EXERCISE DIRECTIONS → Lines in the following data that contain the string "Poppy" are to be counted. Report only their number.

• • •

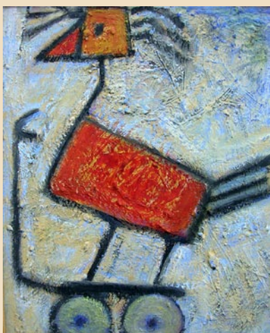
Firebird Oil on board 13 x 11 inches
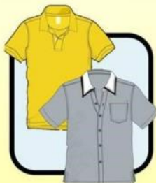
POLO SHIRT OR COLLARED SHIRT
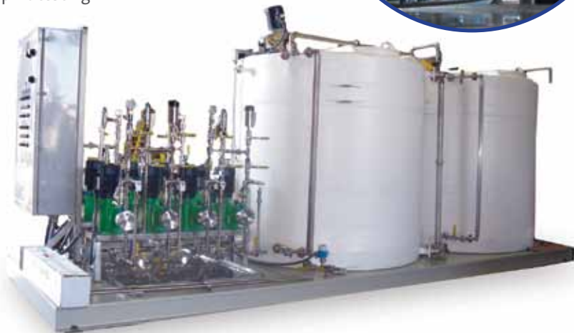
Phosphate Feed Skid
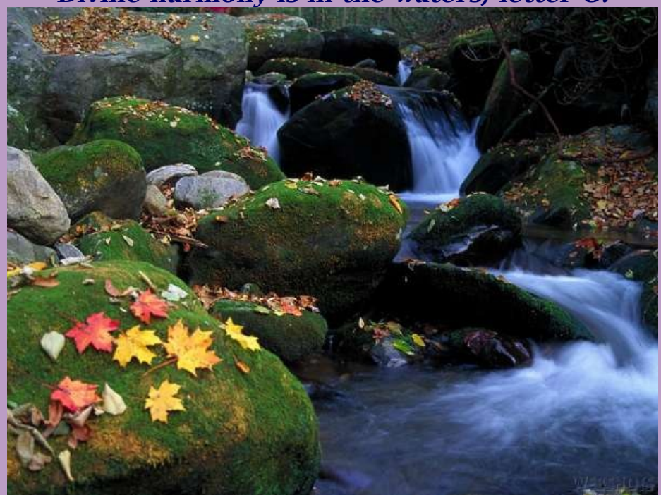
Feelings of grace and mercy, true divine blessings, pour forth from these waters, again the divine virtue of letter G.

Divine harmony is in the waters, letter O.
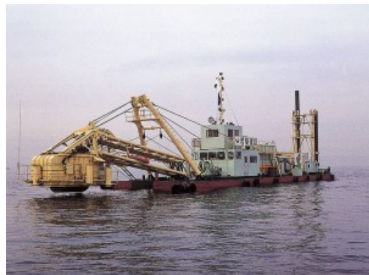
Clean sweeper No.2
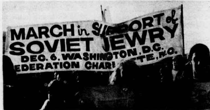
Charlotte Jewish youth carrying banners in Soviet Jewry March, Dec. '87.

The UJA Department of Communications/Public Relations, Speakers Bureau, National Training Center and
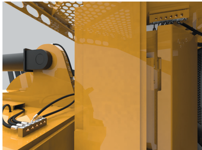
Figure 2 Optional Central Lube Points

Units with the optional central lube installed may be lubricated at the manifolds accessible near the swivel on the left side of the machine. See Figure 2. These points provide remote access to all lube points listed above, except for the drivelines. Those will still need to be lubricated at the drivelines themselves.
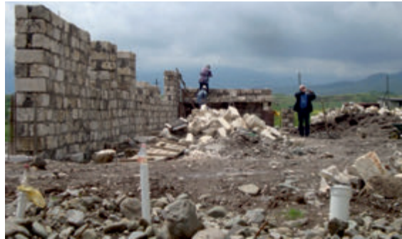
Hayastan All-Armenian Fund's Toronto (Canada) affiliate sponsors construction of a community centre in the occupied town of Khojaly | | 15 May 2015

the country's president." 44 Armenians from Armenia and those residing in the occupied territories amount to around 40 percent of all the benefactors of the Fund. The method of mandatory donation has been widely exercised to collect money from the public employees in Armenia. The authorities are reportedly forcing people to donate money or arbitrarily deduct donations from the salaries of the employees. 45 Such a method of collecting financial resources for the Fund is believed to be nothing other than an attempt to whitewash corrupt practices in the Fund by showing to the diaspora its "popularity" within Armenia and thus encouraging more donations from abroad (see below). 46
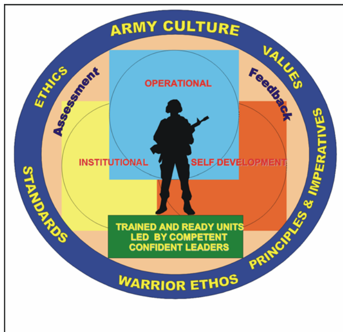
Figure 1-1. Army Training and Leader Development Model

(2) The Army Training and Leader Development Model (Figure 1-1) centers on developing trained and ready units led by competent and confident leaders. The model depicts an important dynamic that creates a lifelong learning process. The three core domains that shape the critical learning experiences throughout a Soldiers and leaders time span are the operational, institutional, and self-development domains. Together, these domains interact using feedback and assessment from various sources and methods to maximize warfighting readiness. Each domain has specific, measurable actions that must occur to develop our leaders.
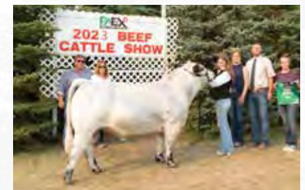
RESERVE GRAND CHAMPION BULL INC VALLEY OF THE KINGS 6K
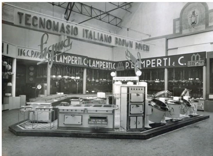
15 Electrotechnics Pavillion, Fiera Campionaria di Milano (Milan Trade Fair). Sigma Kitchens and appliances, by Tecnomasio Brown Boveri, 1936
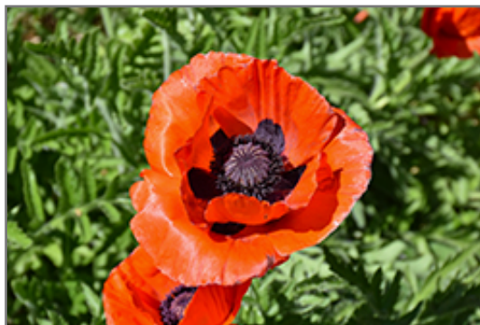
Crimson Red Poppy flowers

Crimson Red Poppy is recommended for the following landscape applications;
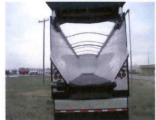
Fully lined interior. 54" wide belt / 60° slants 3/8 floor plastic
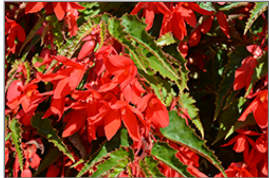
Bossa Nova Red Begonia flowers

Bossa Nova Red Begonia is recommended for the following landscape applications;
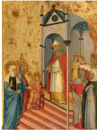
Andrea di Bartolo Sienese, active from 1389 - died 1428
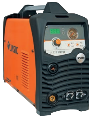
Jasic Plasma Cut 60
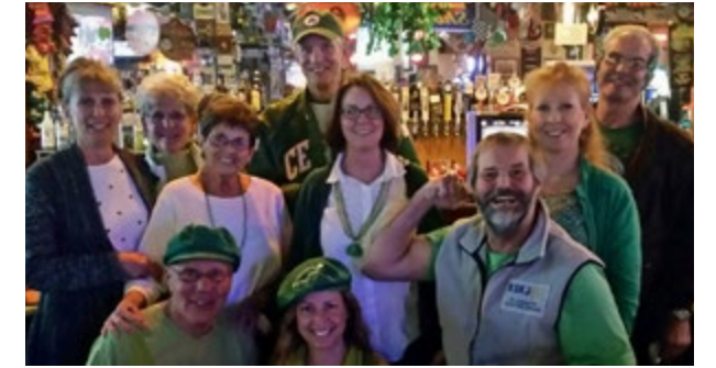
Lodge #69 officers and members all decked out in green for St. Patrick's Day

St. Joseph Lodge #69 in Belt, MT held its first quarterly meeting at Belt Brew Pub on St. Patrick's Day March 17. During the meeting we planned projects and dates for Join Hands Day projects, plus scheduled a date and location for the second quarterly meeting. After the meeting, the Lodge members attended 5 p.m. mass before returning to the pub to eat & celebrate St. Patrick's Day. See photo in the next column.
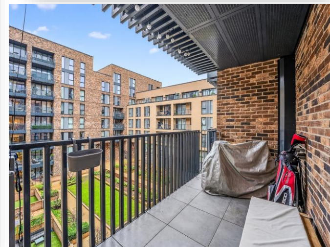
Mauger Heights, Summerstown, London SW17 0GZ

• • •

EXPECTED ANSWER → 2